***** Supplied records
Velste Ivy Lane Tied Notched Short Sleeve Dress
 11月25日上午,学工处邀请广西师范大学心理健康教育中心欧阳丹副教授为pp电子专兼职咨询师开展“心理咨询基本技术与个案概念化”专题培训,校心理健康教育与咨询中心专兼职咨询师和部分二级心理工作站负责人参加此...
**********
***** Supplied records
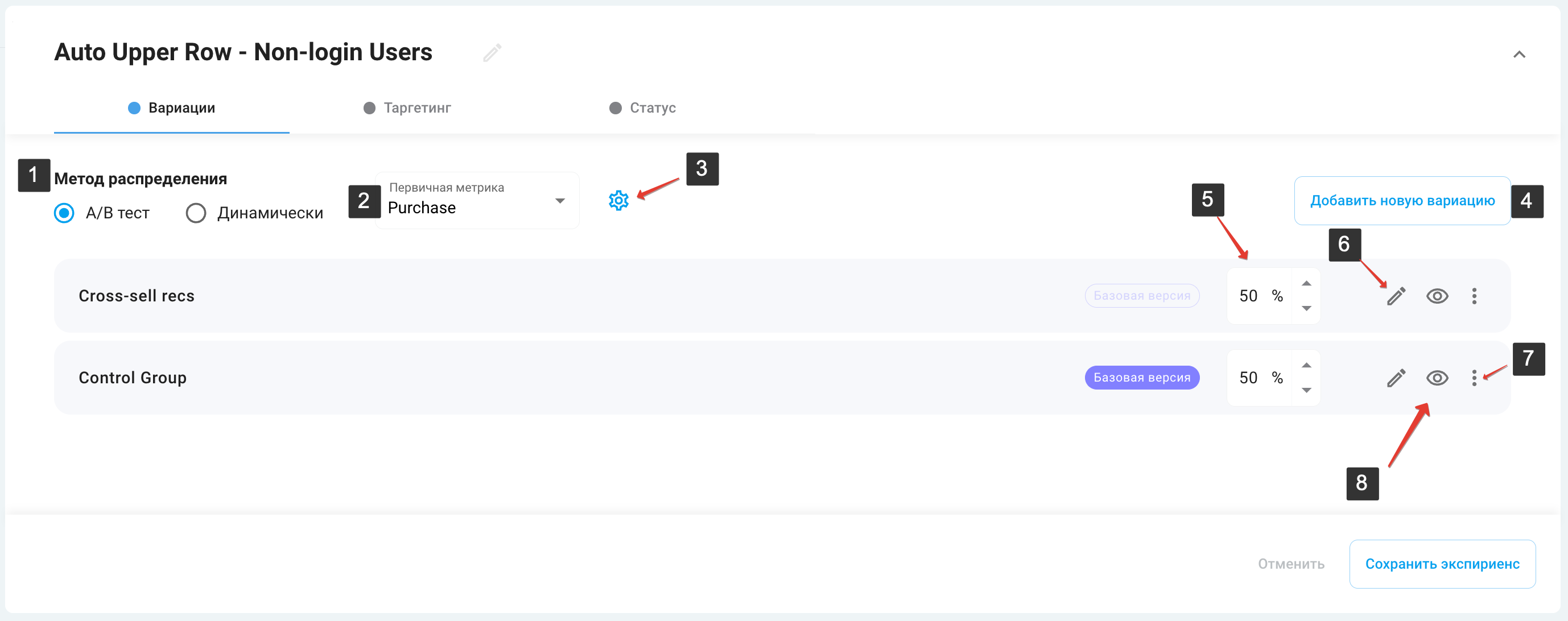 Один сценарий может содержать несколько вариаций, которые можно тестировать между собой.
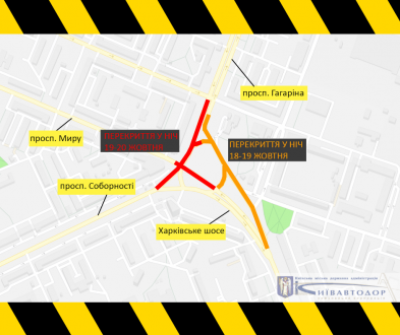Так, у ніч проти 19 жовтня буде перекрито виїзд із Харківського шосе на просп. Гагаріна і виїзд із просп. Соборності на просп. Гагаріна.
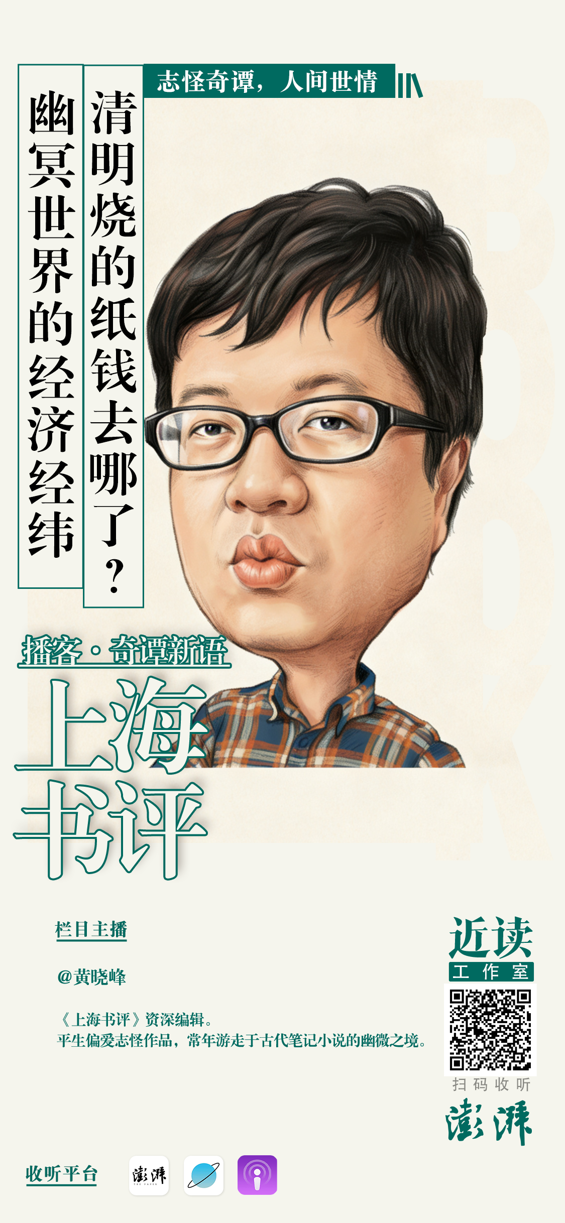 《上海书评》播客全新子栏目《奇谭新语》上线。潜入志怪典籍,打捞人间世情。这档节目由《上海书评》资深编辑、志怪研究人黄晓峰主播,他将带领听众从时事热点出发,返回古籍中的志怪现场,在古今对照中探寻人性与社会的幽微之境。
**********
***** Supplied records
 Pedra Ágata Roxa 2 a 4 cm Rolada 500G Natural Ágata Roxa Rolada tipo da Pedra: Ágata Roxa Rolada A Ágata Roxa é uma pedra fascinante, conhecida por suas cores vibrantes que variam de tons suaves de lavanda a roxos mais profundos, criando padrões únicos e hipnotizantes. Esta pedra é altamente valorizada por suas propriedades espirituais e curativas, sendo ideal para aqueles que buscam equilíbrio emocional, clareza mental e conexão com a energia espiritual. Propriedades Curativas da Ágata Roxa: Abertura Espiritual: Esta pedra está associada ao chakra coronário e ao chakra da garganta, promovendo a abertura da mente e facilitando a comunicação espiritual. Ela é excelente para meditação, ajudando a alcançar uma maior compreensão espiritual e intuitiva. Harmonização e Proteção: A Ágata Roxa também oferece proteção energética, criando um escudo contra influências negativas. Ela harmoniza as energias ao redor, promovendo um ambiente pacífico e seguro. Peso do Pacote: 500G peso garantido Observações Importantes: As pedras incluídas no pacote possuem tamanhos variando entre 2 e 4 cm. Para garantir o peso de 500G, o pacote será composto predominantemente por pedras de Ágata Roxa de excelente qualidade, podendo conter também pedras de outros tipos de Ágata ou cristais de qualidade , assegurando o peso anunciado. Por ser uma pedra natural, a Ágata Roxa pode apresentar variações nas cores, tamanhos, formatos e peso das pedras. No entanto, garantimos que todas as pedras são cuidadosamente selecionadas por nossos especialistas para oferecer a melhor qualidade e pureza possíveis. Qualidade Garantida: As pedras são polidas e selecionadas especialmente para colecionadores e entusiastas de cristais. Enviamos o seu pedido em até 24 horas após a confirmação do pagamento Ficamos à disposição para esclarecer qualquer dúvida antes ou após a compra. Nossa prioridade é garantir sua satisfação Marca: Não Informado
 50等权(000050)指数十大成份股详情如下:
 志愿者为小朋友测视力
**********
**Exercise instructions:** Where the listing above has a line with "Velste Ivy Lane", start there, and output every line exactly through the line with "11月25日上午,学工处邀请", which is also included.

**Answer for this exercise:**
Velste Ivy Lane Tied Notched Short Sleeve Dress
 11月25日上午,学工处邀请广西师范大学心理健康教育中心欧阳丹副教授为pp电子专兼职咨询师开展“心理咨询基本技术与个案概念化”专题培训,校心理健康教育与咨询中心专兼职咨询师和部分二级心理工作站负责人参加此...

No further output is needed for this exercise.